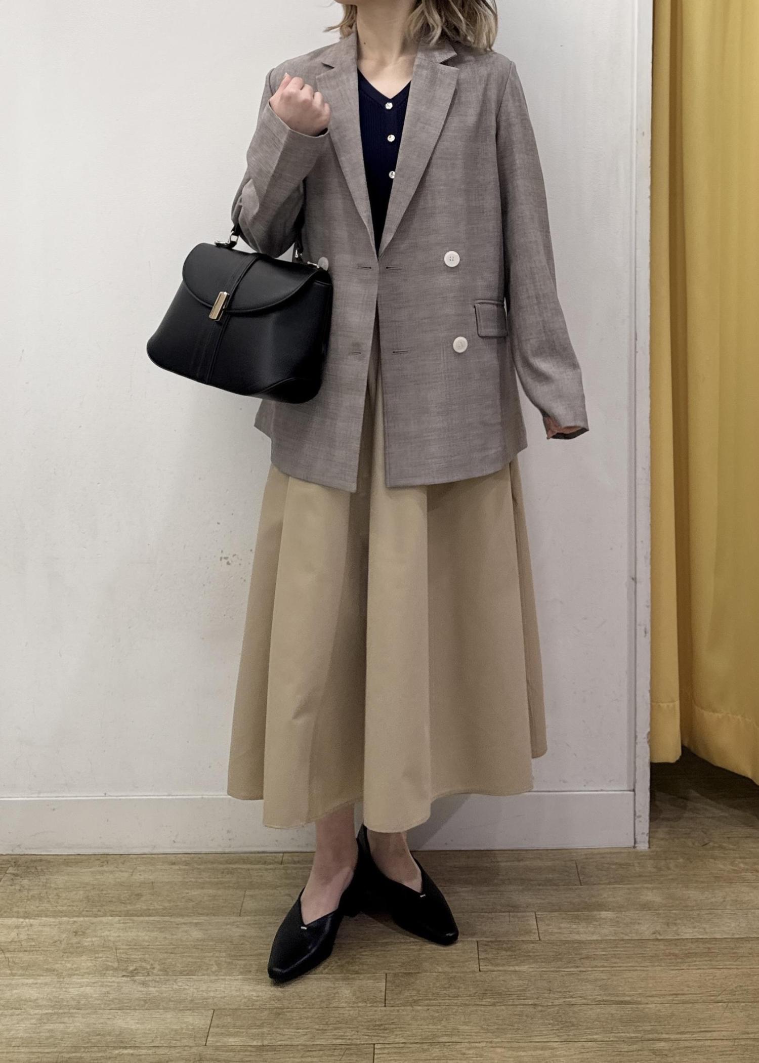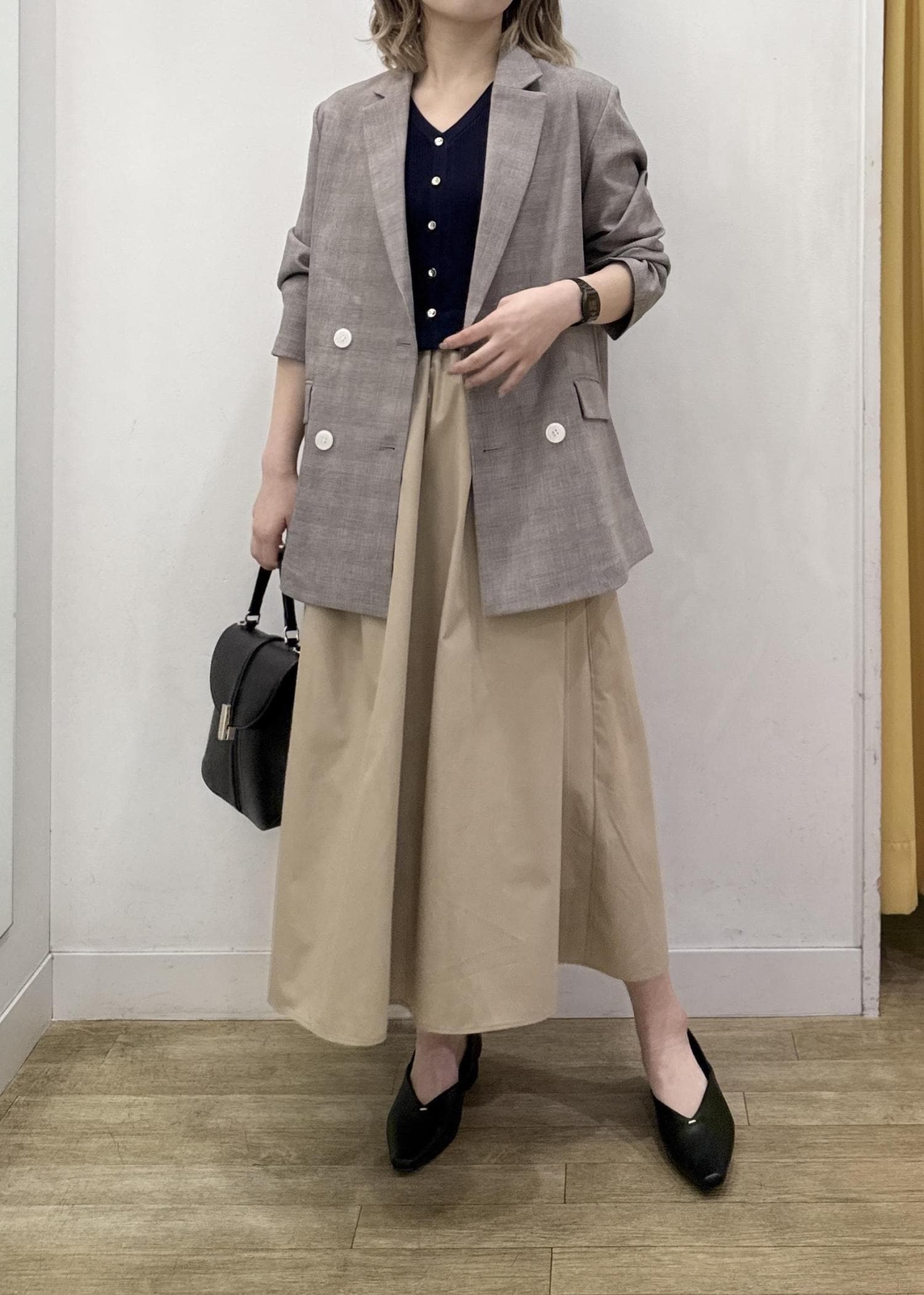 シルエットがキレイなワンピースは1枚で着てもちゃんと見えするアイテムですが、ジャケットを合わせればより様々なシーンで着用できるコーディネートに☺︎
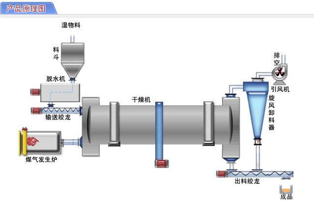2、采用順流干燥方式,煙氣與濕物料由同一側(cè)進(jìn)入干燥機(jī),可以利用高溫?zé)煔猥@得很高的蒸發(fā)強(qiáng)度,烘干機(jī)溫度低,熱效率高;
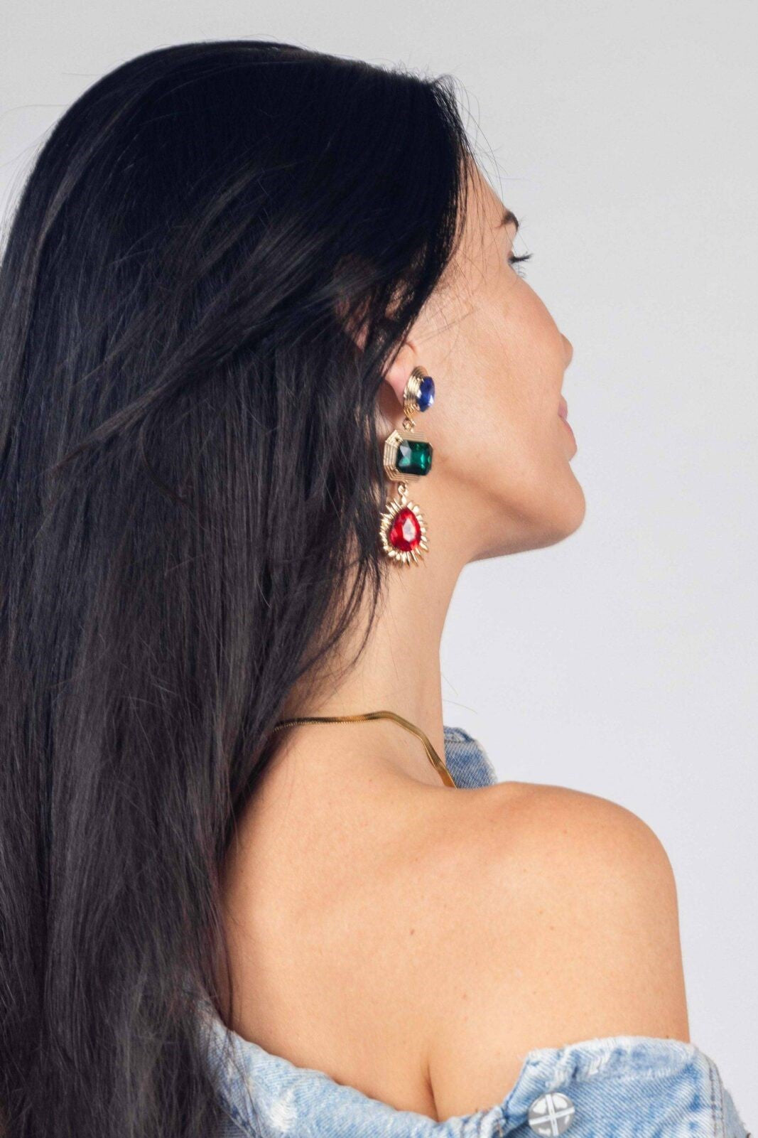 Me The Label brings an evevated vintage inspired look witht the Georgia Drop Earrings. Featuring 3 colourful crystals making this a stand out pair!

==

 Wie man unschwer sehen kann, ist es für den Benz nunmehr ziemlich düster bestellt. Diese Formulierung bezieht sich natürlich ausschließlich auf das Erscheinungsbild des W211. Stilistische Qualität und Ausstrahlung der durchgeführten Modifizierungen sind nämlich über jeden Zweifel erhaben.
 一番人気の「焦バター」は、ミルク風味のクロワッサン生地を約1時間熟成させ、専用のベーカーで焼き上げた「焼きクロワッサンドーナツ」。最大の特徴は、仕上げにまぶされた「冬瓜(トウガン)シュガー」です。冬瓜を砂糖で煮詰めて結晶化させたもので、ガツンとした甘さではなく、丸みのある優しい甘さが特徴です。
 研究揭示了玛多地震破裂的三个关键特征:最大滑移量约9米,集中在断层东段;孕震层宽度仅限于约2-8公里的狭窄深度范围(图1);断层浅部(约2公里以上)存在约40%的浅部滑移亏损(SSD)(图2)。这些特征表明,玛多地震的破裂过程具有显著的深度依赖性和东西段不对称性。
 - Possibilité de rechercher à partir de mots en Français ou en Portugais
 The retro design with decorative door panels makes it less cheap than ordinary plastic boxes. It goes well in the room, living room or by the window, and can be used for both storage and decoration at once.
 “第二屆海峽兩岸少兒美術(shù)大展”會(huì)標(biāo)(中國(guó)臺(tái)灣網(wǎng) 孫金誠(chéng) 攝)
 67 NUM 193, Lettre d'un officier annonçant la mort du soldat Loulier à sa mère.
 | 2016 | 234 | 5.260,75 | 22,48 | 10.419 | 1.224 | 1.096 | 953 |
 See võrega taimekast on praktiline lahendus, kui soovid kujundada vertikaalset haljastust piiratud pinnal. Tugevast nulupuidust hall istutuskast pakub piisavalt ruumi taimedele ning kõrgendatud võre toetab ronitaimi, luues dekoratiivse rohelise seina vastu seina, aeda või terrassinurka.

=== Assigned task ===
From the records above, return exactly the lines running from the one that contains "2、采用順流干燥方式,煙氣與" down to the one that contains "Me The Label", both included, without any pictures.

=== The answer ===
2、采用順流干燥方式,煙氣與濕物料由同一側(cè)進(jìn)入干燥機(jī),可以利用高溫?zé)煔猥@得很高的蒸發(fā)強(qiáng)度,烘干機(jī)溫度低,熱效率高;
 Me The Label brings an evevated vintage inspired look witht the Georgia Drop Earrings. Featuring 3 colourful crystals making this a stand out pair!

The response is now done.